Several studies have been conducted, resulting in various interpretations of VR games that support learning several sign languages [10,11]. Most of these studies require access to some form of Motion Capture (MoCap) technology, which might not be readily accessible or affordable to everyone [12,13]. To address this shortcoming, this research offers an alternative solution using Inverse Kinematics (IK) and simple controller mappings for upper-body pose and hand gesture recognition. Consistent with the inclusive aim stated in the Abstract Section—lowering hardware barriers to ASL learning—we position this work as a case study demonstrating what can be achieved with minimal, commodity hardware.

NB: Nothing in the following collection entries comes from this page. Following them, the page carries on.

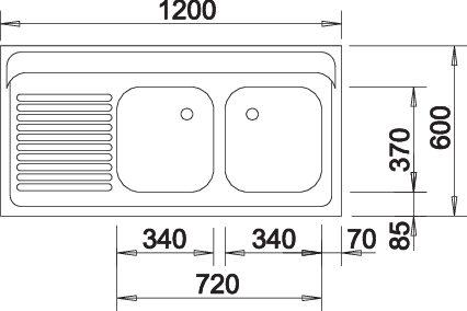 Auflagespüle ZS 12 x 6-2, Edelstahl Naturfinish, ohne Ablaufgarnitur, Becken links, 800 mm Untermaß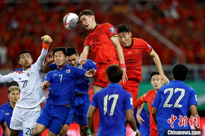 2026年世界杯亞洲區(qū)預(yù)選賽36強(qiáng)賽第五輪比賽6日進(jìn)行,中國(guó)男足在沈陽(yáng)主場(chǎng)以1比1戰(zhàn)平泰國(guó)隊(duì)。中新社記者 富田 攝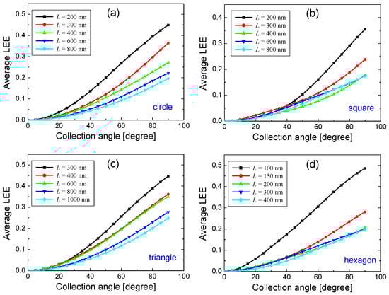 Average LEE within a collection angle (θc) for (a) circular, (b) square, (c) triangular, and (d) hexagonal cross sections.

Within the TUMSphere (TUMSphere project: https://tumsphere.se.cit.tum.de/, accessed on 21 November 2025) project, we developed a compact ASL-learning minigame that showcases our key innovations: IK-only upper-body tracking from HMD/controllers (UBIKSolver), controller-driven hand-gesture synthesis, and a deterministic pelvis-anchored pose evaluator that is runnable on commodity headsets.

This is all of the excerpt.